In the Catcher in the Rye Holden Caulfield  does always make for a person who's easy to get through to, and we see a number of people try. The earliest example of this is at the very beginning of the novel with Holden's meeting with Mr. Spencer, his current History teacher,who wishes to talk with Holden about why it is Holden can't "apply" himself in school. Now perhaps this is actually a fair question--I actually believe a lot of the stuff that Mr. Spencer asks Holden about are good questions--but Holden certainly doesn't feel like hearing all this from Mr. Spencer is actually of any importance. Essentially from the time that Holden enters Mr. Spencer's house to the time that he leaves it he's regretting his decision. Holden really doesn't want to hear anything that Mr. Spencer has to tell him and responds only with the obligatory "yes" or "of course" when prompted, but doesn't really take in anything Spencer tells him. Mr. Spencer is, however, one of only a few adults throughout the entire novel with which Holden has any kind of really interaction. Aside from the stray taxi cab driver, the only other adult figure in Holden's life who tries to hold his attention is his old English teacher Mr. Antolini, who meets with somewhat different results.

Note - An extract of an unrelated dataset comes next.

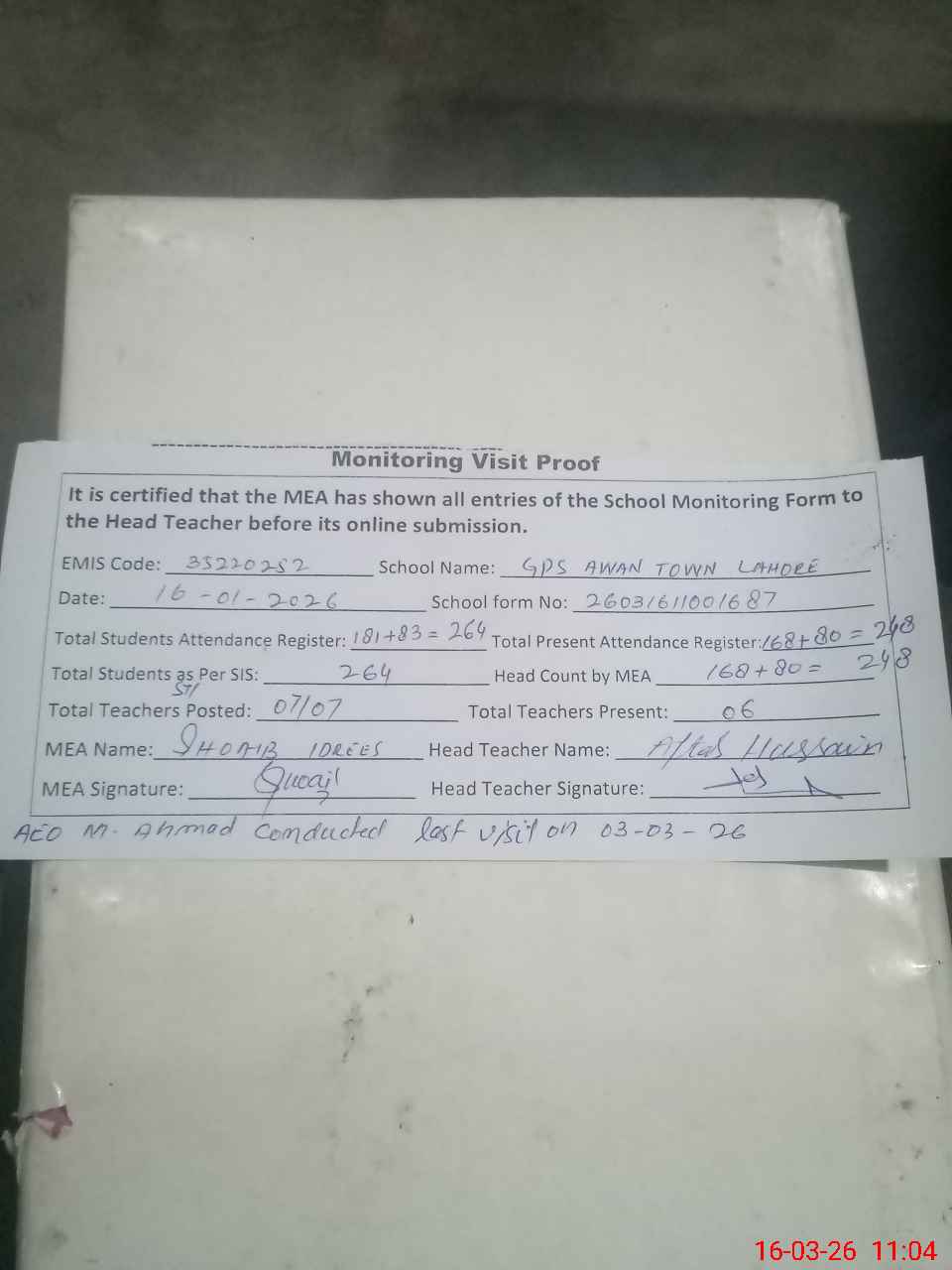 | EMIS Code: 35220252 | Name of School: GPS AWAN TOWN LAHORE | |||

As soon as Holden starts talking about Mr. Antolini we notice a few distinct differences--primarily he isn't immediately depressed by his decision to come. When he first enters Mr. Spencer's house he says "The minute I walked in , I was sort of sorry I'd come" (6), whereas when he's first coming to Mr. Antolini's house he describes it as "very swanky" (180) and says he'd been there on few other occasions--in short we get the feeling that he's actually looking forward to meeting and talking with Mr. Antolini, something we see in short supply when he meets with Mr. Spencer. Now the question is what is about Mr. Antolini that makes Holden look forward to coming to see him? 

Well for one it's clear that Holden can relate to Mr. Antolini more easily than he can to Mr. Spencer. Mr. Antolini acts very full of life and he speaks in a very witty manner--basically the opposite of Mr. Spencer who lectures on at Holden in his wise grandpa-like state. Mr. Antolini gives off an almost cool manner when he answers the door in his bathrobe and slippers with highball in hand--a state Holden finds obviously less depressing than when he meets Mr. Spencer who is also in his bathrobe. Not only has Mr. Antolini just finished a party, but he even offers Holden a cigarette, something I doubt Mr. Spencer would have ever done. He doesn't immediately start trying to tell Holden what he should be doing--I'd even go so far as to say that he treats Holden much more as an equal then Spencer does. Mr. Antolini doesn't give off an air of being the elder person trying it impart their wisdom on a younger person. To me at least, Mr. Antolini gives off much more of a vibe of being Holden's friend. He speaks to Holden frankly, but kindly, giving him good advice, without coming off as thinking himself explicitly more experienced than Holden. I think this is really where we see J.D. Salinger giving advice to his adult audience about how to connect with teenagers--if you want to someone like Holden Caulfield to really respect you and pay attention to you, you need to give off not an air of having something they need to hear, but of being caring friend who treats him as an equal.